+++ Information given +++
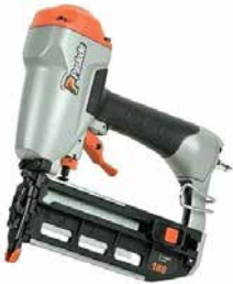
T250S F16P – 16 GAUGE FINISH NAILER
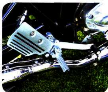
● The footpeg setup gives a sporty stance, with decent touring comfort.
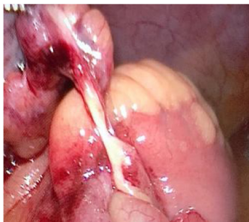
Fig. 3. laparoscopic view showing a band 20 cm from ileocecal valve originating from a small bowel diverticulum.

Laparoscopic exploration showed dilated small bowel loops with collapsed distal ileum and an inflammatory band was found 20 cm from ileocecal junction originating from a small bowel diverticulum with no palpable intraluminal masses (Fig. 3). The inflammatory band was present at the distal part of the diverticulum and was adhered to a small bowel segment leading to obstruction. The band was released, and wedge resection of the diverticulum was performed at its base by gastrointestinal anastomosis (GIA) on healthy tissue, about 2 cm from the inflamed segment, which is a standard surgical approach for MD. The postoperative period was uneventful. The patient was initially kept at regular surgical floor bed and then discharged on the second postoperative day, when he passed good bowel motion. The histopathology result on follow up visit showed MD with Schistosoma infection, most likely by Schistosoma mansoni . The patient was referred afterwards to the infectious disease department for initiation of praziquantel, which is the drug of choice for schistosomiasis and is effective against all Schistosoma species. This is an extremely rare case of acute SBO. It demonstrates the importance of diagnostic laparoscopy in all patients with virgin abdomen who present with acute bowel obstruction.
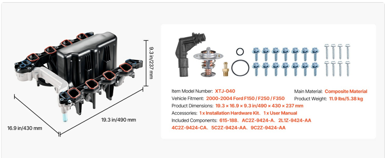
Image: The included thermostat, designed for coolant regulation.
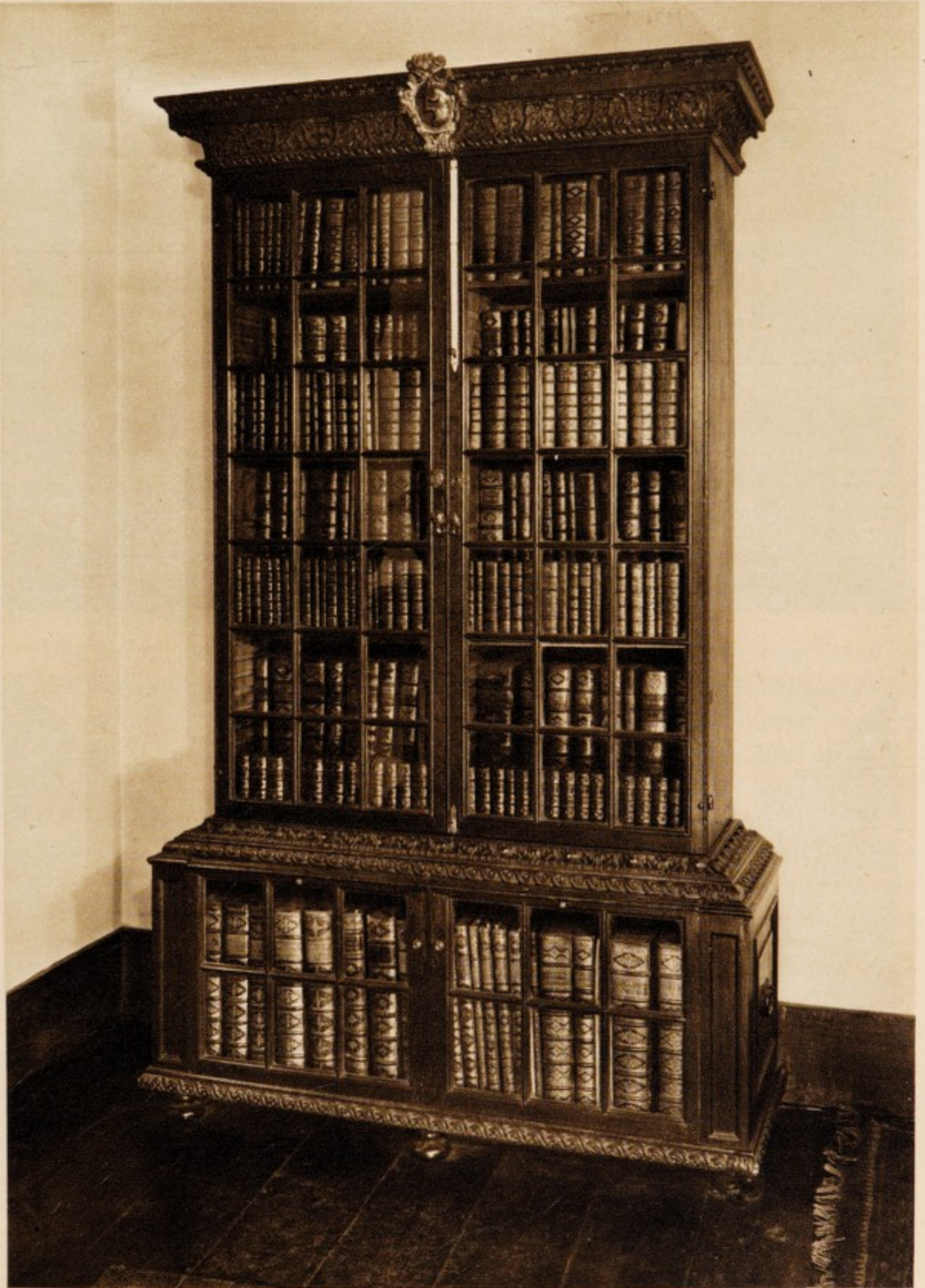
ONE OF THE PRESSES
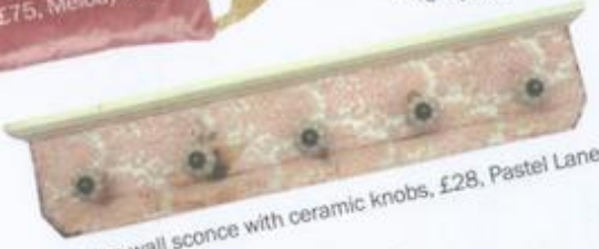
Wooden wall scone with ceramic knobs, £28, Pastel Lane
+++
[Instructions to follow] In the copy, include all records verbatim but no images.

[Answer space]
T250S F16P – 16 GAUGE FINISH NAILER
● The footpeg setup gives a sporty stance, with decent touring comfort.
Fig. 3. laparoscopic view showing a band 20 cm from ileocecal valve originating from a small bowel diverticulum.

Laparoscopic exploration showed dilated small bowel loops with collapsed distal ileum and an inflammatory band was found 20 cm from ileocecal junction originating from a small bowel diverticulum with no palpable intraluminal masses (Fig. 3). The inflammatory band was present at the distal part of the diverticulum and was adhered to a small bowel segment leading to obstruction. The band was released, and wedge resection of the diverticulum was performed at its base by gastrointestinal anastomosis (GIA) on healthy tissue, about 2 cm from the inflamed segment, which is a standard surgical approach for MD. The postoperative period was uneventful. The patient was initially kept at regular surgical floor bed and then discharged on the second postoperative day, when he passed good bowel motion. The histopathology result on follow up visit showed MD with Schistosoma infection, most likely by Schistosoma mansoni . The patient was referred afterwards to the infectious disease department for initiation of praziquantel, which is the drug of choice for schistosomiasis and is effective against all Schistosoma species. This is an extremely rare case of acute SBO. It demonstrates the importance of diagnostic laparoscopy in all patients with virgin abdomen who present with acute bowel obstruction.
Image: The included thermostat, designed for coolant regulation.
ONE OF THE PRESSES
Wooden wall scone with ceramic knobs, £28, Pastel Lane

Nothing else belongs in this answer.